Imagine if the students you taught walked in your classroom and didn’t even have the basic necessities to survive.  Imagine if a student came in exhausted day after day because he couldn’t sleep due to the fact that his whole family was held up at gun-point and robbed.  Imagine that your students have never left the city in which they were born.  Imagine that a student of yours came to school every day after sleeping in a car every night for years.   Imagine a student of yours lived with estranged relatives because both of their parents were in jail.  Imagine what issues you’d have to deal with if these were your students.
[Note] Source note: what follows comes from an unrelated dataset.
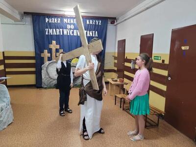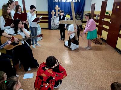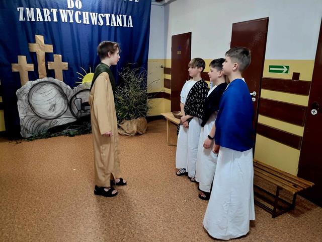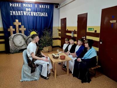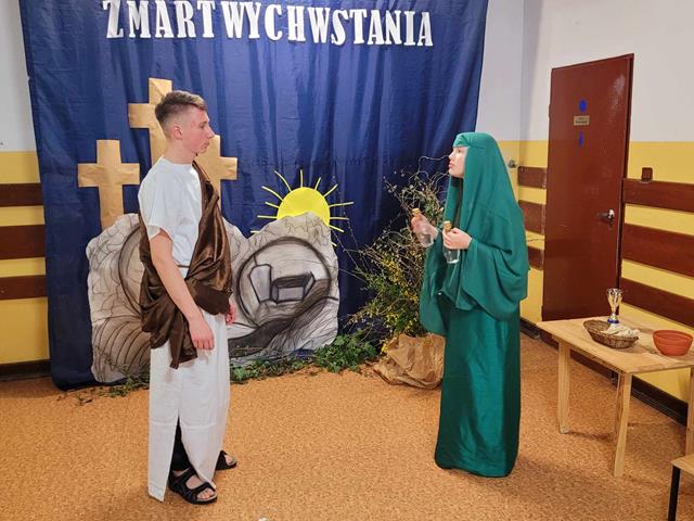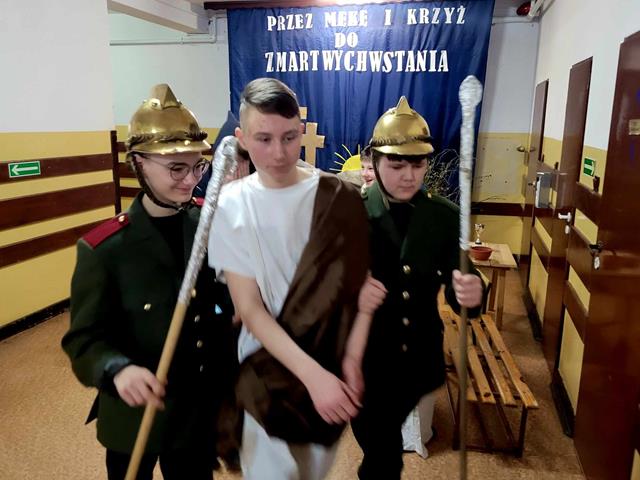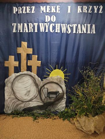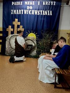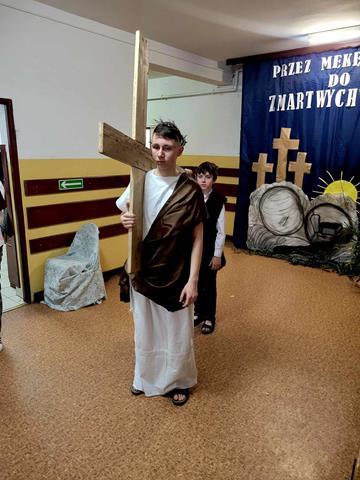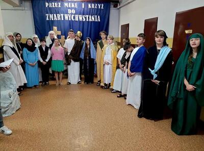 Dnia 27 marca 2024 roku, młodzież naszej szkoły wystawiła wzruszające Misterium Paschalne, opowiadające o męce, śmierci i Zmartwychwstaniu Jezusa Chrystusa pt. "Przez mękę i krzyż do ZMARTWYCHWSTANIA".

I don’t have to imagine what these students are like, because those are my students- and it is my job to help them break free from what is holding them back so they can learn!  Teachers - it is our responsibility to this nation to make it clear to the politicians that students of poverty are behind even before they enter our school buildings.  How are teachers and policy makers going to work together to change this inequality in our nation?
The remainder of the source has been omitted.